岩手県大槌町は、4月に町内の2カ所で相次いで発生した大規模な山林火災について、発生から38日目となった5月29日、鎮火を宣言しました。
町の人からは「ようやくゆっくり寝られる」と安堵の声が聞かれました。

大槌町 平野公三町長
「この度の林野火災の鎮火を午後1時に宣言いたします」

大槌町の平野公三町長は29日、4月に町内で発生した大規模な山林火災について、午後1時に鎮火を宣言しました。

この山林火災は4月22日の午後2時ごろ、大槌町の小鎚地区で発生し、その約2時間半後、10kmほど離れた吉里吉里地区周辺でも発生したものです。

町内2カ所で相次いで発生した山林火災を受け、町は一時、人口の3割ほどに当たる3257人に避難指示を出しました。

町によりますと、焼失面積は小鎚地区と吉里吉里地区周辺を合わせて1633haに達し、2025年2月、大船渡市で発生した山林火災に次ぎ、平成以降では国内2番目の規模となっています。

5月2日には延焼のおそれがなくなったとして鎮圧が発表され、これまでに住宅1棟を含む建物8棟の全焼のほか、2人が軽いけがをしたことが確認されています。

そして発生から38日目となった5月29日。
平野町長は午前10時ごろ、県の防災ヘリに乗り、消防とともに上空から山林火災の現場を視察。

その結果、29日まで約2週間にわたって熱源が確認されなかったことなどから、消防が鎮火したと判断し、町の鎮火宣言に至ったということです。

山林火災の鎮火を受け、町の人からは安堵の声が聞かれました。

大槌町民
「安心した、きょうでゆっくり寝られる」
「火がくすぶっているところあったりして気が気ではなかった。きょう、やっと鎮火宣言が出てうれしく思っている」

こうした中、政府は29日この山林火災について局地激甚災害に指定することを正式に決定しました。

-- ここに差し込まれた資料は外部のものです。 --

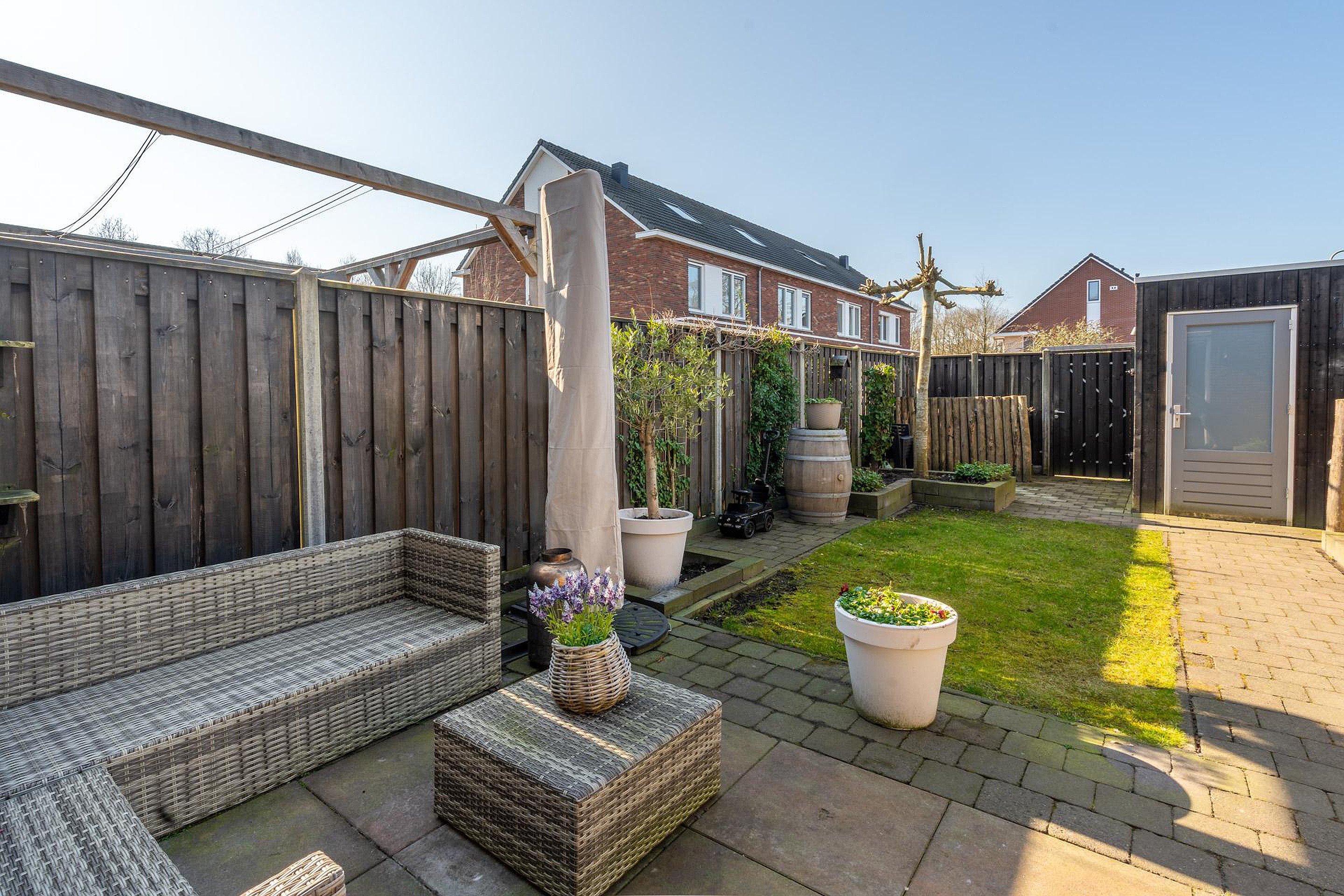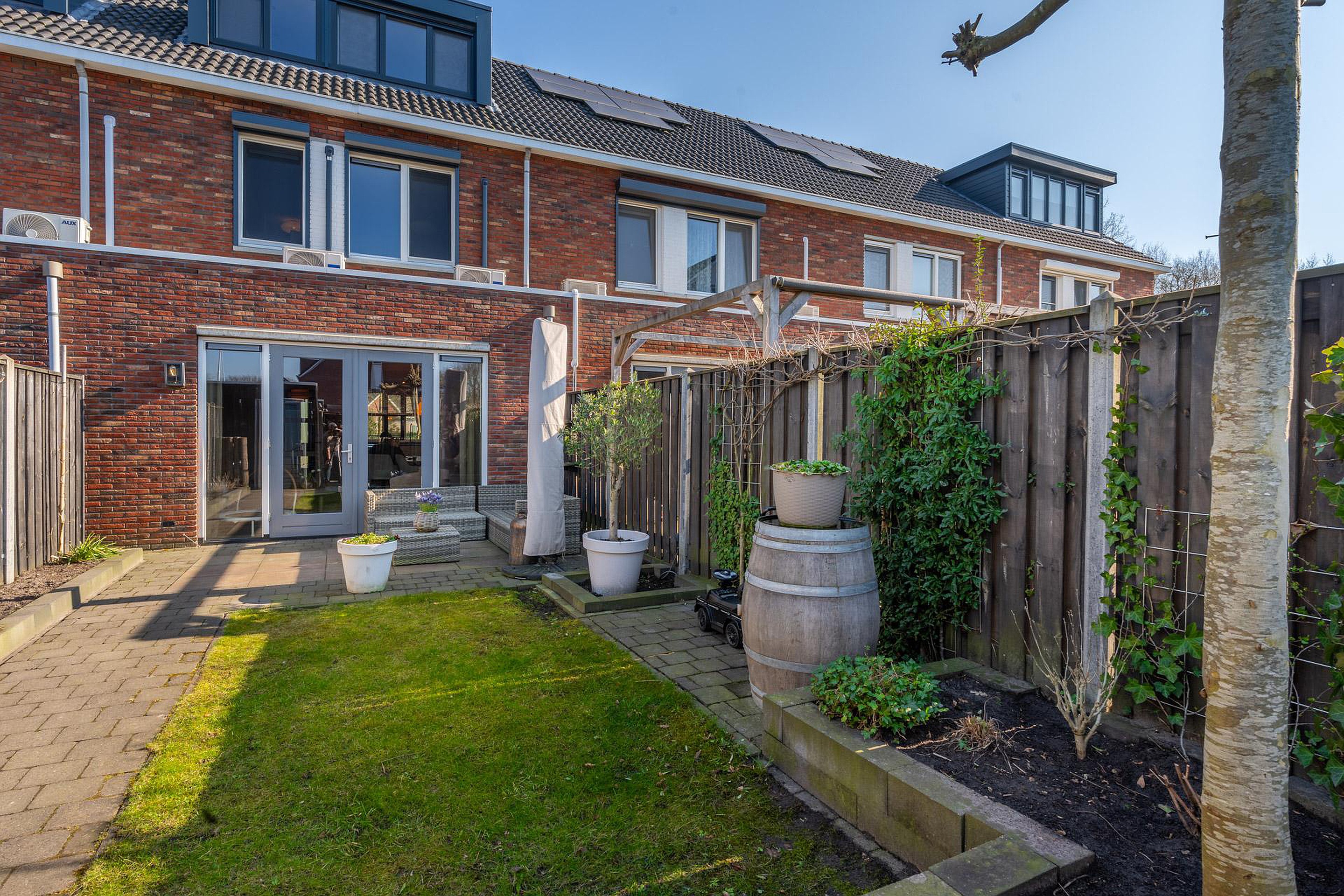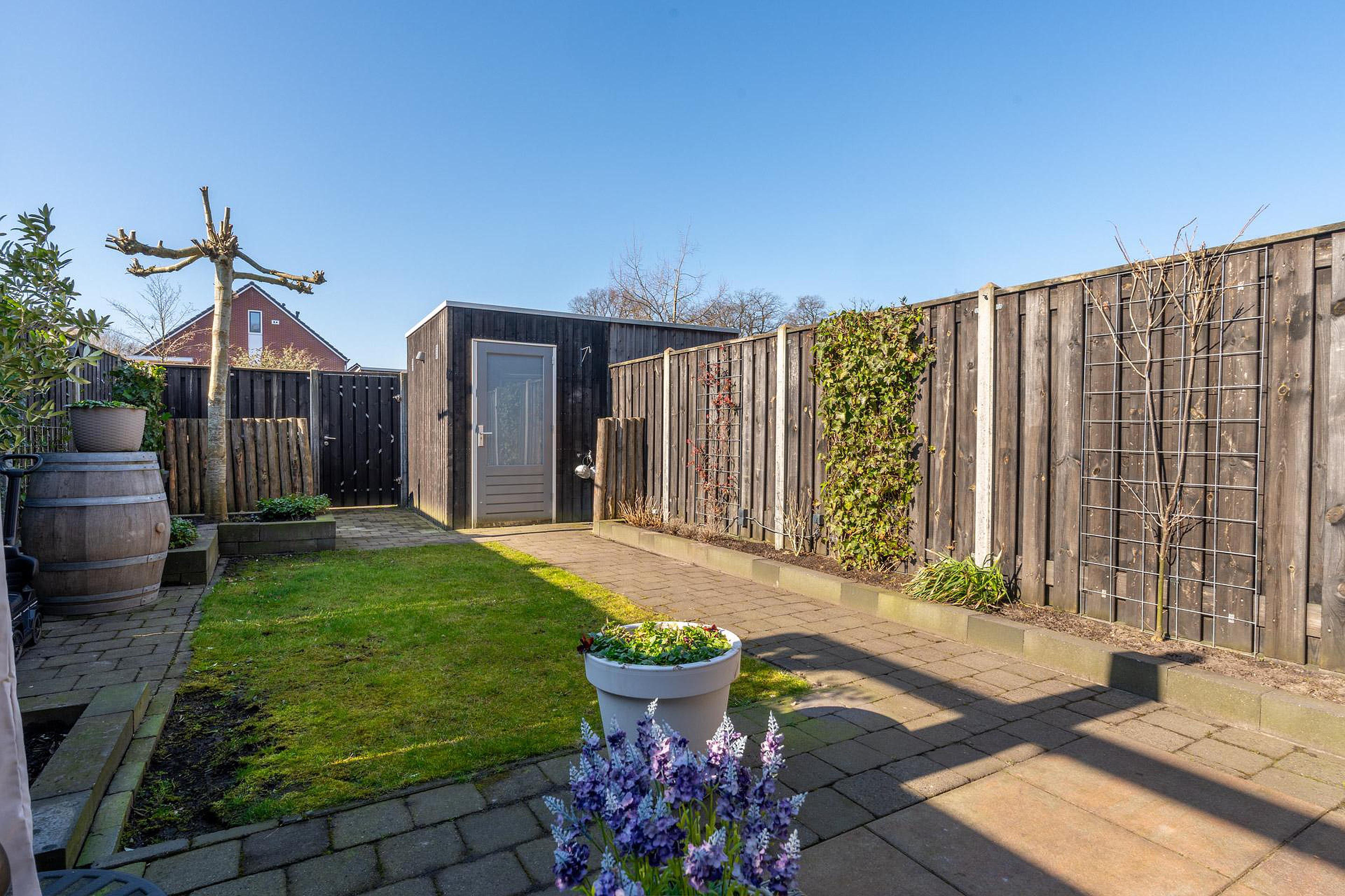 De onderhoudsvriendelijke achtertuin is gelegen op het zuidwesten en beschikt over diverse terrasmogelijkheden. De tuin is deels aangelegd met terrastegels en deels voorzien van perkjes.
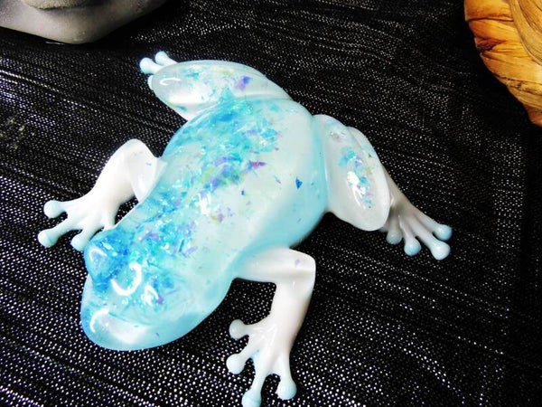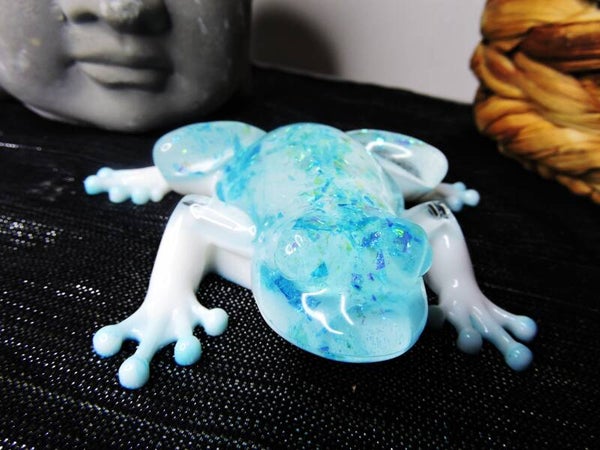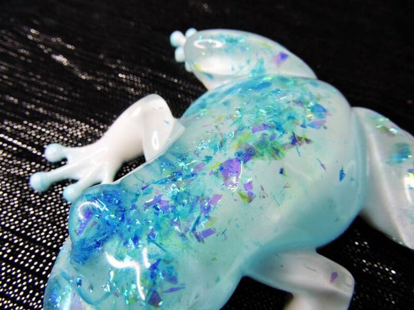 grenouille décorative en résine epoxy blanche et bleu clair avec confettis holographique incrustés
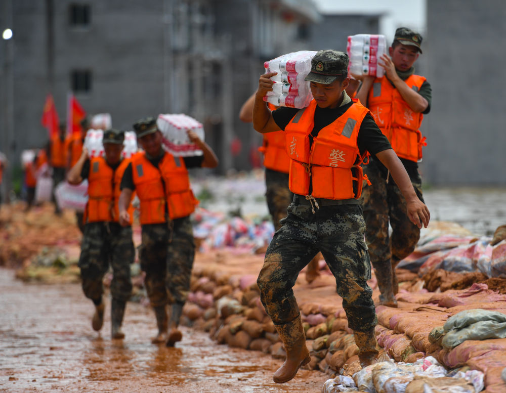 ↑ 2020年7月13日,刘意飞(前)和战友们为大家运送矿泉水。2020年7月8日,接到上级紧急命令后,武警江西总队机动支队防化中队的“00后”小战士刘意飞跟随部队来到昌江圩,开始了他人生中第一场抗洪战役。
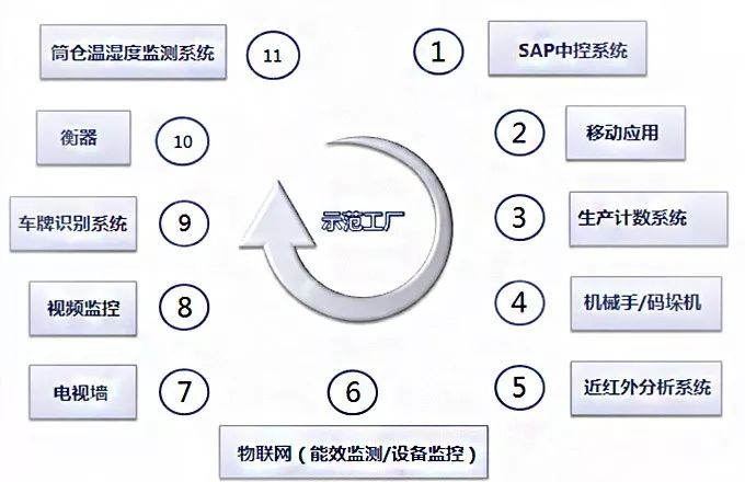 智能化示范工厂位于清远市清城区石角镇广清产业园,自2016年1月开工,一期工程历经19个月完成基础建设、生产设备安装调试,并于2017年9月建成投产,截止2018年3月已经完成基础设施、生产设备、信息化三大板块建设。其中,生产车间建立了SAP及中控系统集成、移动互联平台应、机械手、iMES系统、筒仓温湿度监测系统等多个新型智能化应用系统。
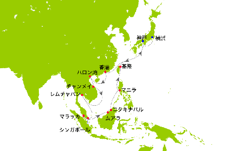 | 15 | 02/11 (月) 船内泊 | レムチャバン〔タイ〕 |
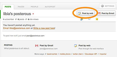בשלב זה, לפני שתקשרו בין פוסטרוס לאתרים האחרים שלכם, תוכלו להשתמש בעמוד שיצרתם כבלוג לכל דבר. כדי להעלות אליו תוכן שלחו אותו ל-post@posterous.com, רק ודאו שאתם שולחים את האימייל מהכתובת איתה נרשמתם לאתר. כאשר האימייל יתקבל, האתר ידע להפנות את התוכן אל העמוד שלכם, ויציג את שורת הנושא ככותרת ואת תוכן האימייל כפוסט. למעשה, תוכלו לשלוח אימיילים לפוסטרוס עוד לפני שתרשמו. הם ידאגו לפתוח ערוץ זמני תוך שימוש באימייל שלכם.
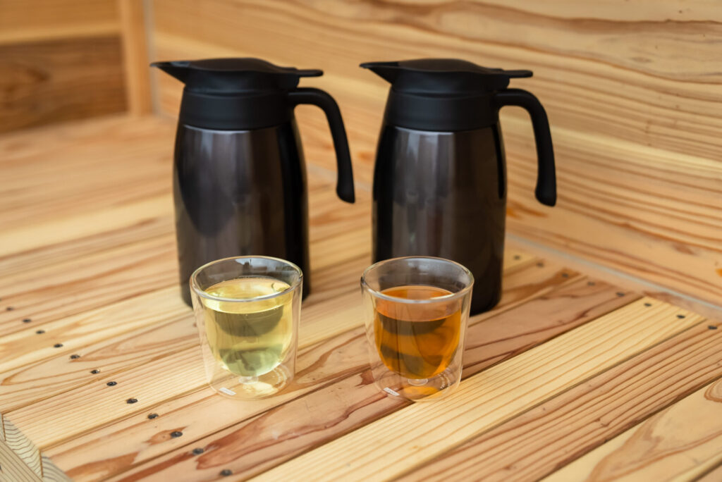 和歌山県白浜町の名産品・川添茶を使用。サウナ内に香り高い煎茶の世界が広がります
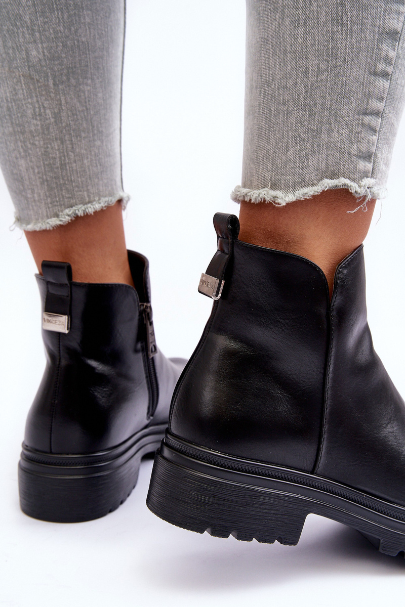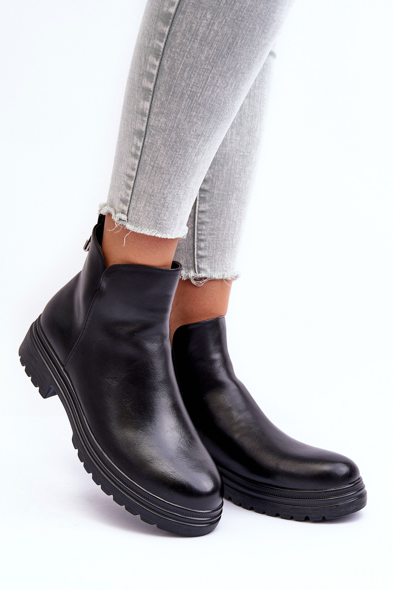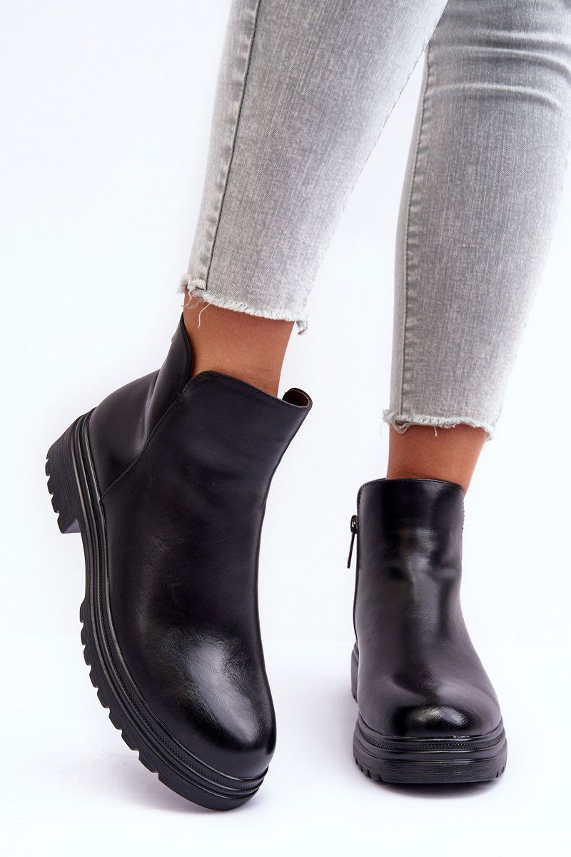 Класичні жіночі ботильйони на низькому ходу. Комплект на платформі і плоскому, стійкому каблуці. Модель із заокругленим носком. Виготовлена з еко шкіри. Салон утеплений взуттєвою ковдрою. Крім того, п'ята посилена. Черевики застібаються на блискавку з внутрішньої сторони халяви. При виборі розміру орієнтуйтеся на таблицю розмірів.

施行は6月3日からで、これにより被害を受けた樹木の伐採や、運搬などにかかる経費の半分が国によって補助されます。

大槌町 平野公三町長
「森林再生に向け 関係機関・団体の協力を得て進めていく必要があると思う。地域経済をどう盛り上げていくかも一つの課題としているので、鋭意 努力をしていかなければならない」

町は森林の復旧に向けて、関係機関でつくる「林地再生対策協議会」を5月設立し、6月から具体策の協議を進めるほか、観光需要の回復についても県の事業との連携を検討するとしています。

宣言には、5月6日に町内の城山体育館周辺で約2haを焼いた山林火災も含まれるということです。